## Supplied records
⟨

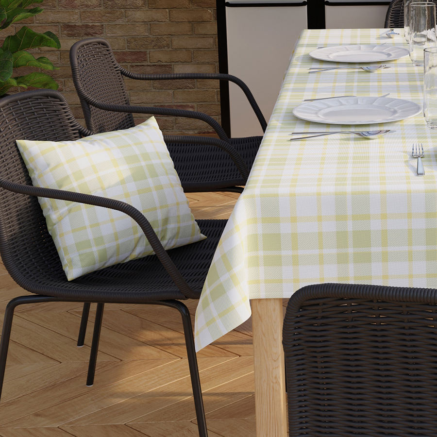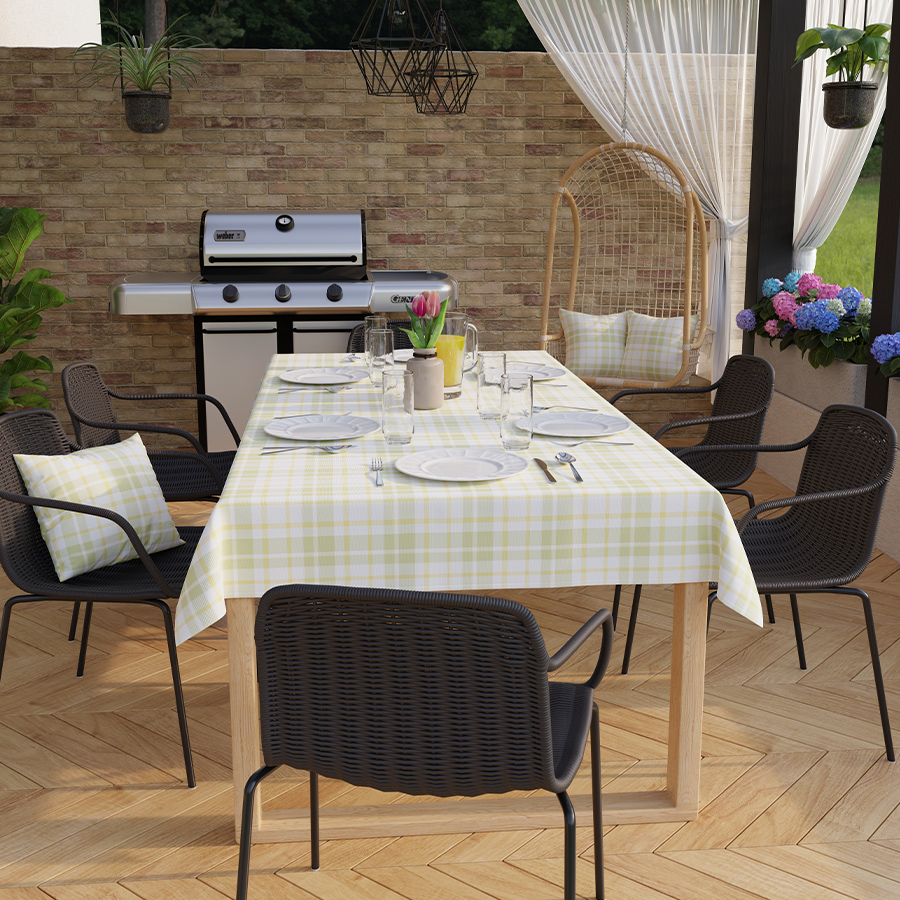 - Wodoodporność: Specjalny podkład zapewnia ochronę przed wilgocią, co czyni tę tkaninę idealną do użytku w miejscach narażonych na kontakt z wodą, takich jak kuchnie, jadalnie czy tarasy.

⟩
⟨

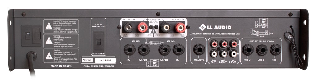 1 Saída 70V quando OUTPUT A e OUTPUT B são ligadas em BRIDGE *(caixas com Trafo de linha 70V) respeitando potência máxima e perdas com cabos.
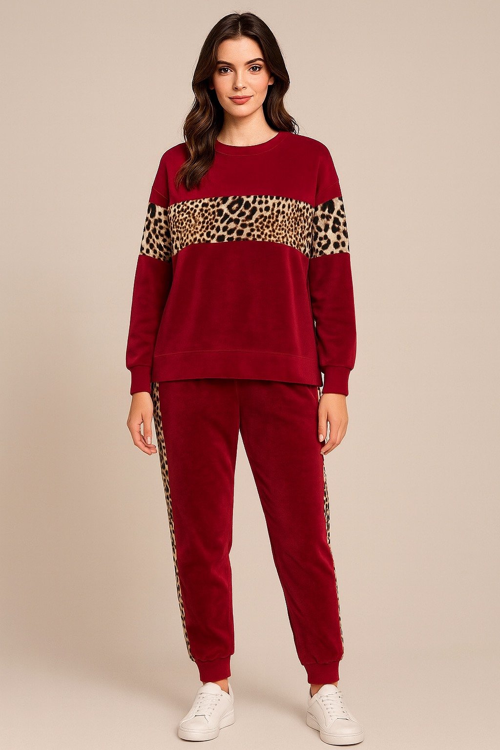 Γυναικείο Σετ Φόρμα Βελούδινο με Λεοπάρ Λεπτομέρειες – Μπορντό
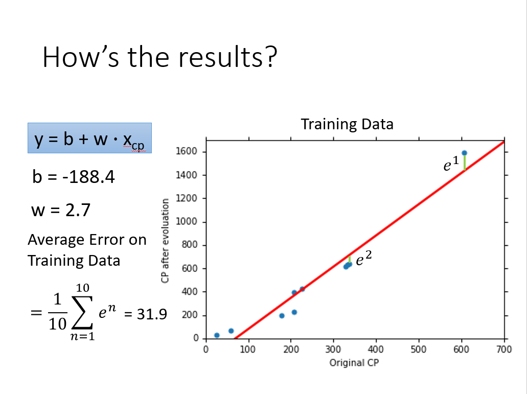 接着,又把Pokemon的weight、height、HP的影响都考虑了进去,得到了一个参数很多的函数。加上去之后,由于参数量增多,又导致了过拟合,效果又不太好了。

⟩
⟨

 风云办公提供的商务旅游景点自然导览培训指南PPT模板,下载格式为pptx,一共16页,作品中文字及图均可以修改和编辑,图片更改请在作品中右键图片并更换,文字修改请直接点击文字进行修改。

⟩

Would you print exactly the lines in the listing above, from the line bearing "Γυναικείο Σετ Φόρμα" through the line bearing "接着,又把Pokemon的w", leaving out all pictures?

## Exercise response
 Γυναικείο Σετ Φόρμα Βελούδινο με Λεοπάρ Λεπτομέρειες – Μπορντό
 接着,又把Pokemon的weight、height、HP的影响都考虑了进去,得到了一个参数很多的函数。加上去之后,由于参数量增多,又导致了过拟合,效果又不太好了。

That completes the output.